= 132nd IOC Session =

IOC Session in Pyeongchang, South Korea

The 132nd IOC Session is an IOC Session that was held at the Kensington Flora Hotel in Pyeongchang, South Korea, in February 2018.

==Opening ceremony==
The opening ceremony of the IOC Session was held at the Gangneung Cultural Centre. The opening ceremony began with multicultural children’s choir Areumdeuri singing the Olympic Hymn and EXO’s Baekhyun singing the national anthem. Following the national anthem, opening speeches and congratulatory messages was given by figures including Lee Hee Beom, the president of the Olympic Organizing Committee, and Moon Jae In, the president of South Korea. The celebratory cultural performance also included VIXX’s stage of “Shangri-La,” taekwondo team K-Tigers, and various traditional musicians and dancers.

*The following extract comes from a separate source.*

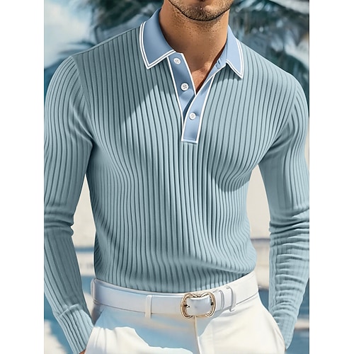 Per uomo Top a Maglia a Coste Testurizzato Affari Casuale Colletto Polo a Coste Manica Lunga Moda Essenziale Tinta unica Lavoro a maglia Autunno Inverno Tutte le stagioni Vestibilità aderente Blu

==Russian doping situation==
One of the principal concerns was the situation with regard to the ban on Russian athletes, the results of the Court of Arbitration for Sport decision shortly before the Session, and the uncertainty as to which athletes would be allowed to compete as "Olympic Athletes from Russia" at the 2018 Winter Olympic Games which were due to start a few days after the start of the Session.

==Olympic host city selections==
===2022 Youth Olympic Games===

The IOC Executive Board presented to the IOC session a proposal that the African continent will be a strong priority to host the 2022 Summer Youth Olympics. The session confirmed the change of date back to 2022, after Agenda 2020 had previously suggested changing it to 2023. Awarded to Dakar, Senegal, the games were initially held in 2022, but because of COVID-19 pandemic, lead to Tokyo Olympics' postponement to 2021, it was rescheduled to 2026, which also held the 2026 Winter Olympics in Italy.

==Election of new IOC Ethics Committee members==

Three new members of the IOC Ethics Committee were elected during the session: Danka Bartekova of Slovakia, Pierre Olivier Beckers of Belgium, and Auvita Rapilla of Papua New Guinea.